[[ The records open ]]

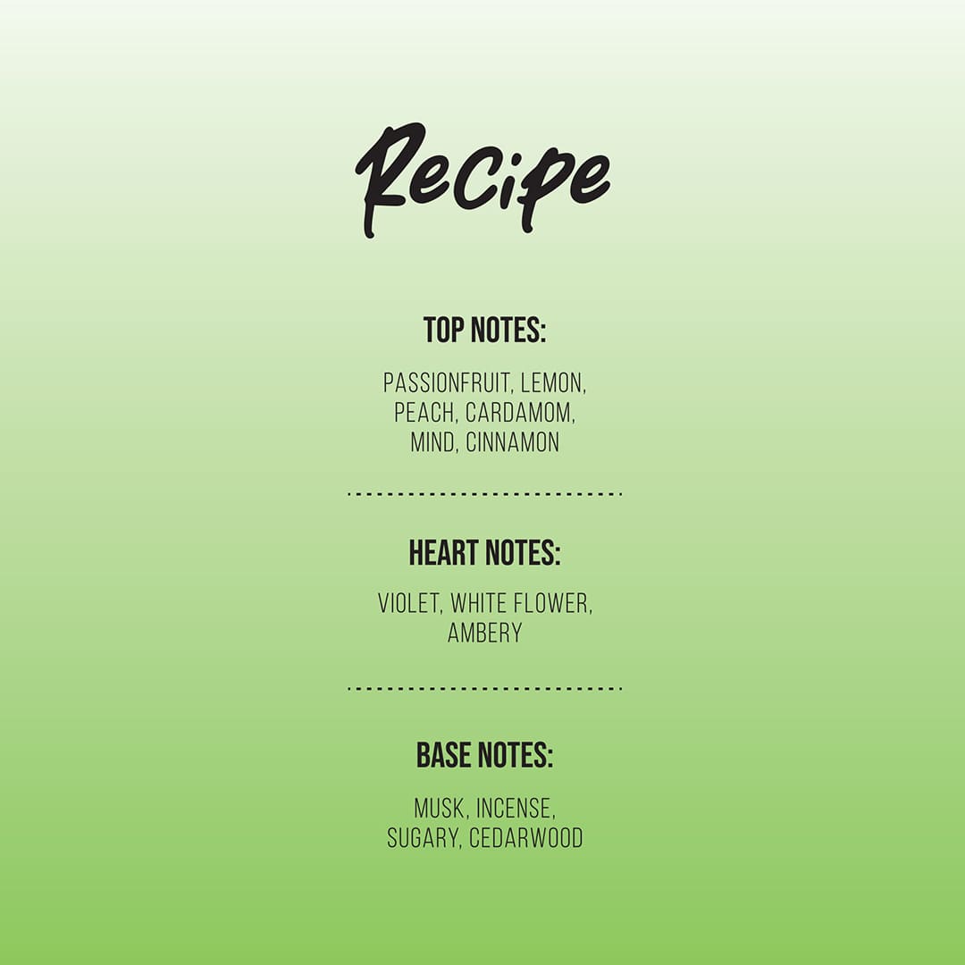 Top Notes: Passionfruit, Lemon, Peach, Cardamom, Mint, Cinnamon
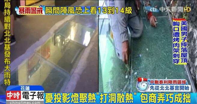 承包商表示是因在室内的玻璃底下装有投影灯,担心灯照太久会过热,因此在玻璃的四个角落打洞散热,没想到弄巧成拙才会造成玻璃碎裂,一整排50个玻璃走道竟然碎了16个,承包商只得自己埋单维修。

[[ The records closed ]]
[[ The records open ]]

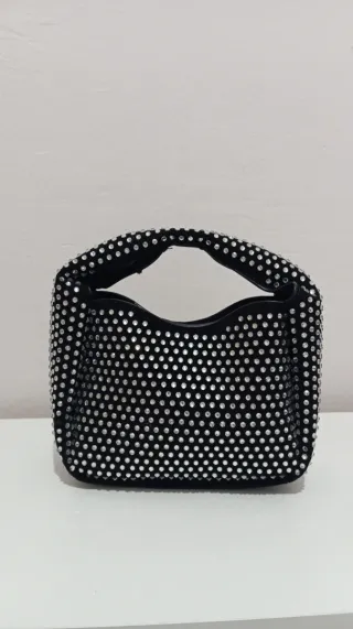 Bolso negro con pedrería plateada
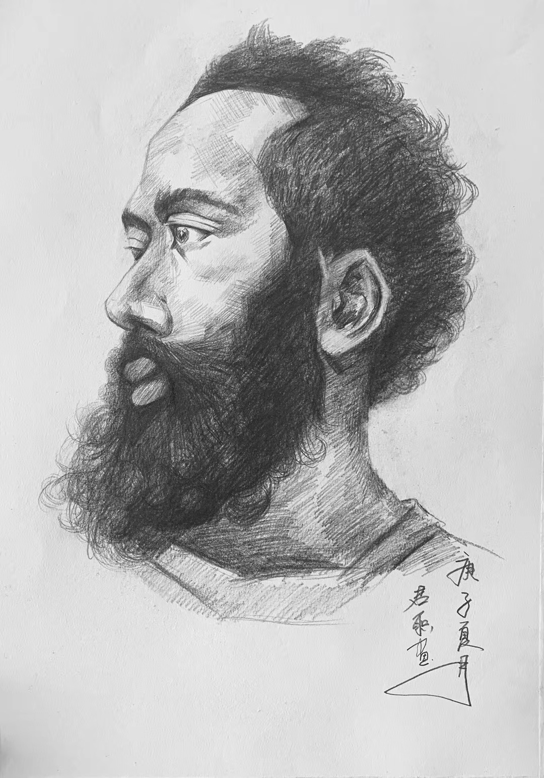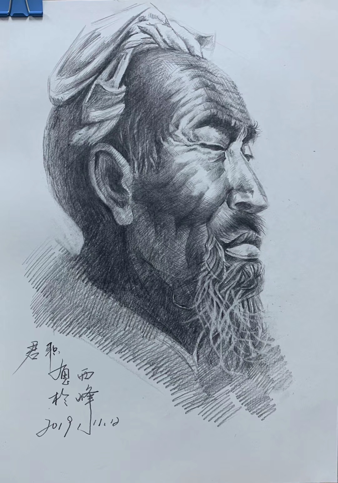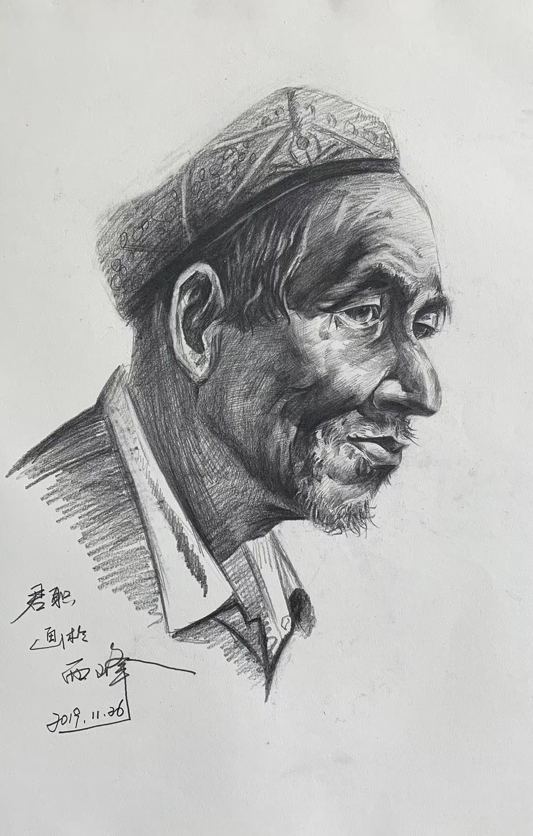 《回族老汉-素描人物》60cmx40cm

[[ The records closed ]]

Exercise |
Pictures in the entries do not go into the copy. Print only the lines starting at the one containing "Top Notes: Passionfruit, Lemon, Peach, Cardamom, Mint, Cinnamon" and ending at the one containing "承包商表示是因在室内的玻璃底", exactly as they appear.

Finished exercise |
 Top Notes: Passionfruit, Lemon, Peach, Cardamom, Mint, Cinnamon
 承包商表示是因在室内的玻璃底下装有投影灯,担心灯照太久会过热,因此在玻璃的四个角落打洞散热,没想到弄巧成拙才会造成玻璃碎裂,一整排50个玻璃走道竟然碎了16个,承包商只得自己埋单维修。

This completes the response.